= Jill Wynns =

American politician

Jill Wynns is a former member of the San Francisco Board of Education. She served on the board from her initial election in 1992 until losing re-election in 2016. Her term was longer than any other board member.

== Biography ==
Jill Wynns was raised in and around New York City and its nearby rural areas in the 1950s and 1960s. She was admitted to the private Hofstra University after her junior year in high school. She spent one year in college in Sweden, then moved to San Francisco in 1969 after earning her BA in Humanities. She worked for 10 years in professional theater as a costume designer and costume shop manager. She is currently employed as a campaign executive (professional fundraiser) for the Jewish National Fund.
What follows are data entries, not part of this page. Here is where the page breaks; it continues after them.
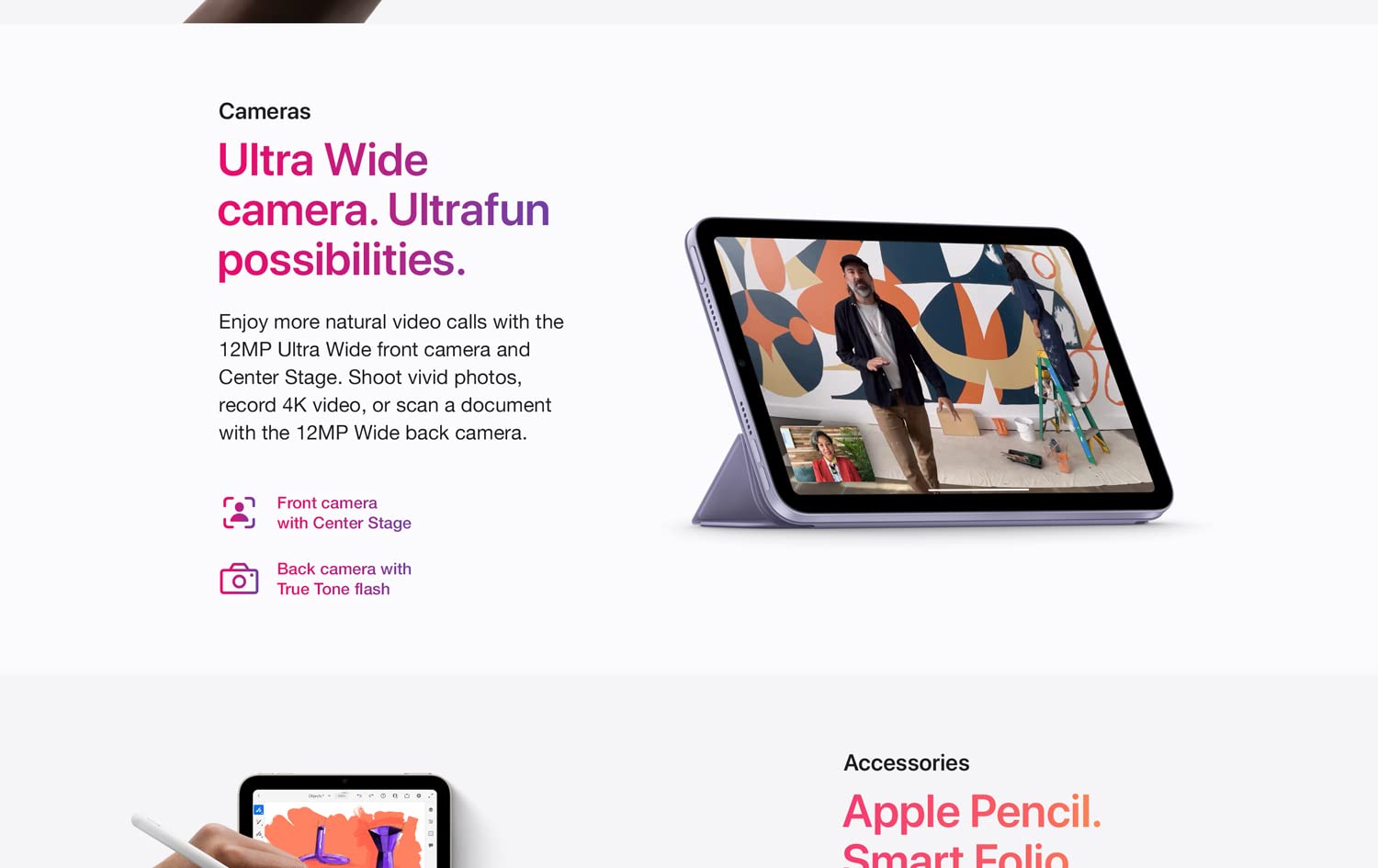 12MP Wide camera with Center Stage, Smart HDR 3 and 4K video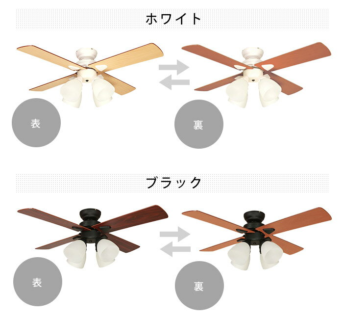 照明は4灯・2灯の切り替えが、ファンは回転方向を時計回り・反時計回りに切り替えと、 回転速度も3段階で切り替えができます。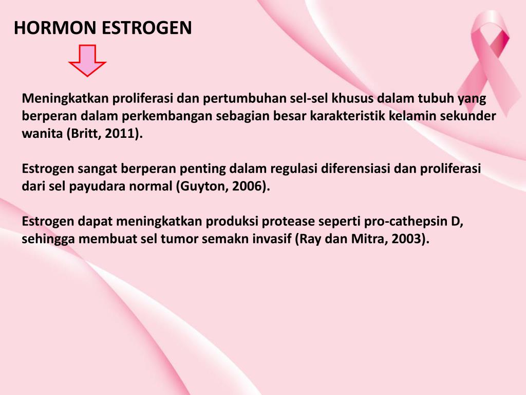 HORMON ESTROGEN Meningkatkan proliferasi dan pertumbuhan sel-sel khusus dalam tubuh yang berperan dalam perkembangan sebagian besar karakteristik kelamin sekunder wanita (Britt, 2011). Estrogen sangat berperan penting dalam regulasi diferensiasi dan proliferasi dari sel payudara normal (Guyton, 2006). Estrogen dapat meningkatkan produksi protease seperti pro-cathepsin D, sehingga membuat sel tumor semakn invasif (Ray dan Mitra, 2003).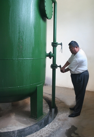 圖3:工作人員定期清理水處理罐。通過(guò)離心泵將蓄水池的水送到水處理罐,進(jìn)行除鐵、錳、雜質(zhì)、殺菌等工序,最后將達(dá)標(biāo)水通過(guò)供水主管道輸送到農(nóng)戶家中。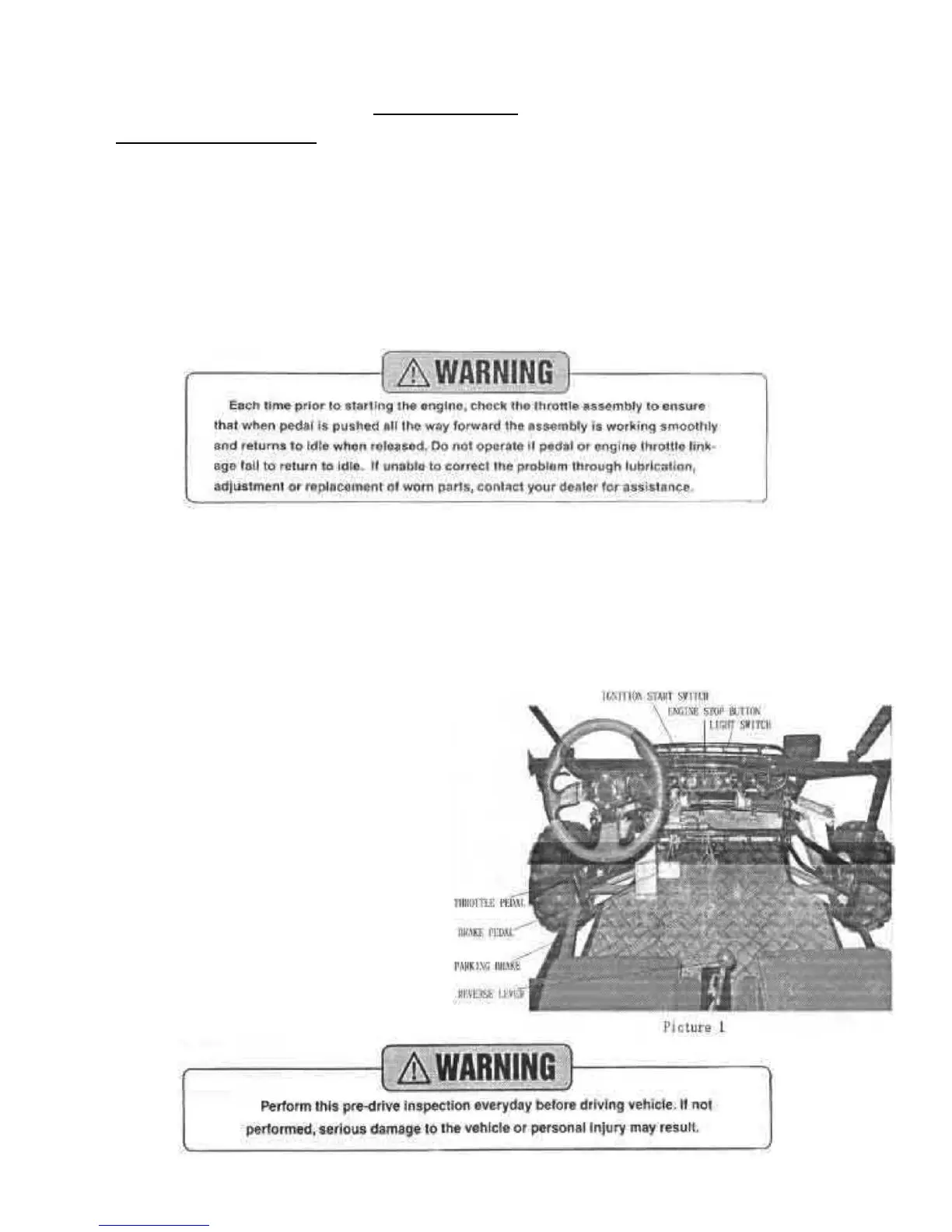 location and use of each control necessary to operate this vehicle. The operator must know how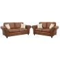 Dennis Faux Leather Button Detailing 3 Seater with 2 Seater Sofa - Brown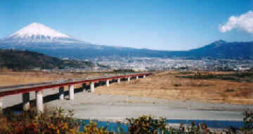 ![]() 東名高速から見た大山 (やや上流だが、ほぼ同じ角度。稜線の起伏に注目) |

Wynns became increasingly involved in political issues surrounding education when her three children started public school in San Francisco. For six years she was the President of San Francisco Parents' Lobby, a citywide political organization for public school parents, and was a founding organizer of a local education coalition, San Franciscans Unified.

== Political history ==
Jill Wynns was first elected to the San Francisco Board of Education in 1992, and was re-elected in 1996, 2000, 2004, 2008, and 2012. She served as President of the School Board in 2001 and 2002, and served as Chair of the Budget Committee for five years. In the November 4, 2012 election, Wynns was elected to the school board for a record fifth term (the longest serving board member).

== Accomplishments ==
Wynns has become nationally recognized for her opposition to the commercialization and privatization of public schools. Wynns also gained renown for helping expose corrupt Superintendent Bill Rojas. As the San Francisco Bay Guardian noted when they endorsed her in 2004, "Wynns has spent years as the board skeptic, asking the uncomfortable questions that needed asking and identifying legal and financial realities."

Wynns was as a supporter of former San Francisco Superintendent Arlene Ackerman, who eventually left after increasing clashes with the board's leftist faction. Ackerman left San Francisco to become superintendent of Philadelphia's school system, and subsequently died in February 2013. Wynns was known as the board's vocal supporter of keeping the JROTC program in San Francisco schools, though the board majority voted to discontinue JROTC. Wynns has said that although she opposes the Iraq war and military recruiters in the schools, students and parents have convinced her that JROTC has provided valuable resources and support to many students. In 2008, San Franciscans agreed with Wynns, voting 55-45 percent in favor of Proposition V, which made it City policy to urge the San Francisco Board of Education to reverse its elimination of the Junior Reserve Officers' Training Corps (JROTC).

Labor negotiations

In 2006, Wynns voted in the majority to hire replacement workers in the event of a teacher's strike after teachers mobilized to fight their low wages and years without a raise. This vote followed a growing rift between Wynns and the union, as Wynns had voted multiple times to lay off teachers. Wynns viewed those actions as necessary to balance the district budget and points out that the San Francisco Unified School District risks being taken over by the state and losing local control if its budget goes into the red, as has happened to other nearby school districts.